An identity for functions of operators

[Identity]

Is there an easy way to prove the identities:

e^{\hat{A}}e^{\hat{B}}=e^{\hat{A}+\hat{B}}e^{[\hat{A},\hat{B}]/2} and

e^{\hat{A}}\hat{B}e^{-\hat{A}}=\hat{B}+[\hat{A},\hat{B}]+\frac{1}{2!}[\hat{A},[\hat{A},\hat{B}]]+\frac{1}{3!}[\hat{A},[\hat{A},[\hat{A},\hat{B}]]]+...In Zettili they give that: e^{\hat{A}}=\sum_{n=0}^\infty \frac{1}{n!}\hat{A}^n

But I have no idea how I would expand a product of series to prove the identity... the algebra is horrible.
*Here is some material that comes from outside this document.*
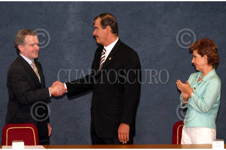 MEXICO, D.F., 30MARZO2005.- Santiago Creel, secretario de Gobernación, Vicente Fox Quesada, presidente de la Republica y Marta Sahagún, primera dama, durante la ceremonia de Incorporación de México al Protocolo Facultativo de la Convención Contra Tortura, en la residencia de los Pinos. FOTO: Moisés Pablo/CUARTOSCURO.COM

Is there an easier way to go about proving it?
Thx

 

[arkajad]

Your first equation is, for general A,B, wrong.

As for the second one set

f(t)=e^{At}Be^{-At}

calculate derivatives f^{(n)}(0) (calculate first three, and you will see how it goes), and then use Taylor's expansion:

f(1)=f(0)+f'(0)+\frac{1}{2!}f''(0)+...

 

[Identity]

Thanks :)